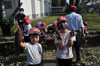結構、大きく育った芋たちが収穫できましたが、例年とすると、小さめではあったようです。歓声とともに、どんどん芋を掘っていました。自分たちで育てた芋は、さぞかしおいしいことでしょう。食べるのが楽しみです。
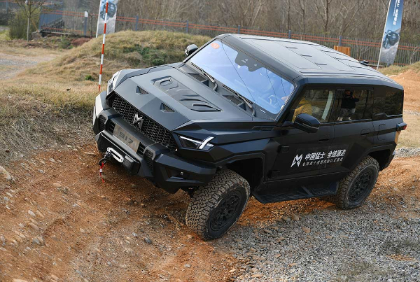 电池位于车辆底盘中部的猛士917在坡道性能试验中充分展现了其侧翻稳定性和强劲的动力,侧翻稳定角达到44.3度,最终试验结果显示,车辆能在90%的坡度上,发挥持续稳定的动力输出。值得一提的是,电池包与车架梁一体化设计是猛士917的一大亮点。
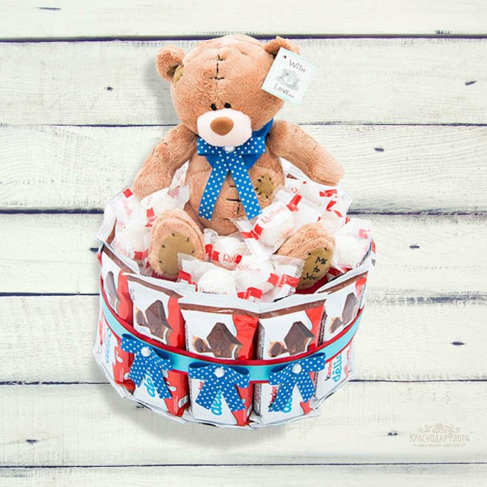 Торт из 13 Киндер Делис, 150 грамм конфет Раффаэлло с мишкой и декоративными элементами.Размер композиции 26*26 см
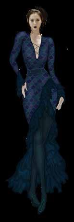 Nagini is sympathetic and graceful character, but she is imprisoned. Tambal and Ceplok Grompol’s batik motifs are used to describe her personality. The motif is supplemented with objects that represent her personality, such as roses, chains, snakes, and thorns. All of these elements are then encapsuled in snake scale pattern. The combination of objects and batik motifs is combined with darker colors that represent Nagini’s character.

## [What the task requires]
To answer, repeat exactly the lines from the line containing "Торт из 13 Киндер" through the last line of the data above, leaving out all pictures.

## [Final answer]
 Торт из 13 Киндер Делис, 150 грамм конфет Раффаэлло с мишкой и декоративными элементами.Размер композиции 26*26 см
 Nagini is sympathetic and graceful character, but she is imprisoned. Tambal and Ceplok Grompol’s batik motifs are used to describe her personality. The motif is supplemented with objects that represent her personality, such as roses, chains, snakes, and thorns. All of these elements are then encapsuled in snake scale pattern. The combination of objects and batik motifs is combined with darker colors that represent Nagini’s character.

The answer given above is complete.